### Doing things with python collections

The builting `dict`, `set` and `list` along with `collections` provide some useful utilities for transofrming your data. We will do some common operations here.

* create dict from two iterables
* remove duplicates from list
* Most common in iterable
* Least common in iterable
* Counts in iterable
* remove duplicates from list while maintaining insertion order
* sort dictionary by items
* sort dictionary by values
* group dictionary by keys


The builtin dict makes no guarantees about the order of keys. If you want to keep the order of keys, use `ordereddict`

In [4]:
from collections import OrderedDict
od = OrderedDict(a=1, b=2)
print od
print od["a"]

OrderedDict([('a', 1), ('b', 2)])
1


remove duppicates from list

In [9]:
list(set([1, 5, 2, 3, 3, 1, 5]))

[1, 2, 3, 5]

remove duplicates from list while maintaining insertion order

In [10]:
list(OrderedDict.fromkeys([1, 5, 2, 3, 3, 1, 5]))

[1, 5, 2, 3]

create dict from two iterables   
For example for a substitution cipher, you want numeric representation of letters

In [7]:
import string
letters = zip(string.lowercase, range(len(string.lowercase)))
lettersdict = OrderedDict(letters)
print lettersdict
print lettersdict["z"]

OrderedDict([('a', 0), ('b', 1), ('c', 2), ('d', 3), ('e', 4), ('f', 5), ('g', 6), ('h', 7), ('i', 8), ('j', 9), ('k', 10), ('l', 11), ('m', 12), ('n', 13), ('o', 14), ('p', 15), ('q', 16), ('r', 17), ('s', 18), ('t', 19), ('u', 20), ('v', 21), ('w', 22), ('x', 23), ('y', 24), ('z', 25)])
25


---
`Counter` can be used to find out occurances of values in an iterable.
* Most common in iterable
* Least common in iterable
* Counts in iterable

In [14]:
from collections import Counter
import random
list_of_ints = [random.randint(0, 100) for _ in range(1000)]
counts = Counter(list_of_ints)
print "Most Common: {} with {} occurances".format(*counts.most_common(1)[0])
print "Least Common: {} with {} occurances".format(*counts.most_common(len(list_of_ints))[-1])
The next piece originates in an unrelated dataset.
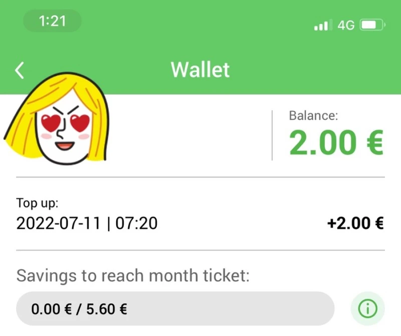 앱을 다운로드한 후엔 카드와 연동을 시켜야 하는데 엄청 간단하다, 그 이후 최소 2유로 이상 충전이 가능하고 사용할 때는 버스가 도착 후 특정 코드를 입력하면 티켓 구매가 된다는 시스템. 시간 계산을 잘못해서(배차 시간이 월요일인데도 길어) 나는 아래와 같이 다 다운로드하고 나서 택시를 탔다!!!
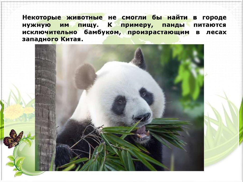 Некоторые животные не смогли бы найти в городенужную им пищу. К примеру, панды питаются

Most Common: 20 with 17 occurances
Least Common: 75 with 2 occurances


What is the count of any elemnet in an iterable

In [16]:
counts = Counter([1, 1, 2, 3, 5, 5, 5, 1, 2])
print "count of 1: {}".format(counts[1])
print "count of 100: {}".format(counts[100])

count of 1: 3
count of 100: 0


Using OrderedDict you can

* sort dictionary by items
* sort dictionary by values

They are useful if you later want to get the `.items` out in sorted order.

In [17]:
data

NameError: name 'data' is not defined

In [21]:
letters = zip(string.lowercase, [random.randint(0, 100) for _ in range(len(string.lowercase))])
sorted_by_key = OrderedDict(sorted(letters, key=lambda t: t[0]))
print sorted_by_key

OrderedDict([('a', 71), ('b', 33), ('c', 87), ('d', 58), ('e', 75), ('f', 16), ('g', 81), ('h', 48), ('i', 83), ('j', 1), ('k', 5), ('l', 12), ('m', 72), ('n', 13), ('o', 85), ('p', 58), ('q', 12), ('r', 8), ('s', 46), ('t', 28), ('u', 34), ('v', 44), ('w', 82), ('x', 56), ('y', 38), ('z', 86)])


In [23]:
sorted_by_value = OrderedDict(sorted(letters, key=lambda t: t[1]))
print sorted_by_value

OrderedDict([('j', 1), ('k', 5), ('r', 8), ('l', 12), ('q', 12), ('n', 13), ('f', 16), ('t', 28), ('b', 33), ('u', 34), ('y', 38), ('v', 44), ('s', 46), ('h', 48), ('x', 56), ('d', 58), ('p', 58), ('a', 71), ('m', 72), ('e', 75), ('g', 81), ('w', 82), ('i', 83), ('o', 85), ('z', 86), ('c', 87)])


group dictionary by keys

In [29]:
from collections import defaultdict
dict_with_lists = defaultdict(list)
movies = (("Nolan", "Memento"), ("Nolan", "Inception"), 
          ("James Cameron", "Avatar"), ("Satyajit Ray", "pather panchali"),
         ("Satyajit Ray", "Devi"),)
for k, v in movies:
    dict_with_lists[k].append(v)
print dict_with_lists


defaultdict(<type 'list'>, {'Nolan': ['Memento', 'Inception'], 'James Cameron': ['Avatar'], 'Satyajit Ray': ['pather panchali', 'Devi']})